Lives lost. Others forever changed by a moment of thoughtless behavior and the assumption that alcohol and recreational boating mix. They don’t.
Over the years I’ve seen examples of inappropriate behavior from individuals who consumed alcohol on the water, and the results are too often devastating. Many times intoxicated individuals continue to operate their vessels despite the fact that they cannot take the quick action necessary to safely navigate and avoid a collision. Life jackets will not be worn, keeping an eye out for other vessels will not happen. Speed and distances on the water are not always easy to determine. Add alcohol and these determinations are even more difficult and the chances of a collision, grounding or other accident increase. I once witnessed an intoxicated individual being taken into custody run and jump off a pier into what he thought was the water. The rocks he landed on were not very forgiving.

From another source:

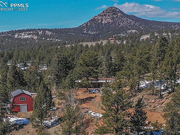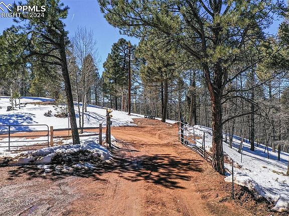 Privacy is key! Property is very private and secure on top of a mountain with the valley and pasture below. Secluded from other homes and neighbors with an automatic gate. Home is just north of Florissant, one mile off of pavement, minutes away from amenities; grocery shopping, restaurants, hardware etc. This hilltop property features natural landscaping, rock outcroppings, a private valley with seasonal running creek and plush pastures. The classic ranch style home with an open floor plan is warm and cozy with a free standing wood stove and tongue and groove ceiling...3 bedrooms and 1 bath. Separate casita for extra guests. A large barn with horse stables below and workshop/studio/gym above with ample storage space. The property is fenced and cross fenced with a seasonal pasture and stream; great turnout for horses. There is also a 50 amp RV hookup site and several other sites for additional parking. This ideal location is just an hour to Colorado Springs and airport, an hour and a half to fourteeners and ski resorts. Whether you are looking for a vacation home, primary residence or horse property, this secluded oasis has great potential to become your mountain escape.

Currently nearly 20 percent of all boating fatalities are the result of Boating Under the Influence (BUI) of alcohol or drugs. As a result, states have gotten tougher in enforcing laws against this kind of high-risk behavior. Boaters operating a recreational vessel with a blood alcohol concentration of .08 percent or higher will find their voyage terminated and may have their vessel impounded. Penalties can include arrest, fines, loss of boating privileges, even loss of driving privileges.
The U.S. Coast Guard enforces a federal BUI law that pertains to all boats, from canoes and rowboats to the largest ships, and includes foreign vessels that operate in U.S. waters, as well as U.S. vessels on the high seas.
In addition, Operation Dry Water (ODW), a national, multi-agency BUI detection and enforcement initiative, puts thousands of state and federal marine officers on the water the weekend before the 4th of July. This gives BUI enforcement high visibility before a holiday known for drinking and boating, and deadly accidents. This year Operation Dry Water takes place June 24-26. More information on ODW is available at www.operationdrywater.org.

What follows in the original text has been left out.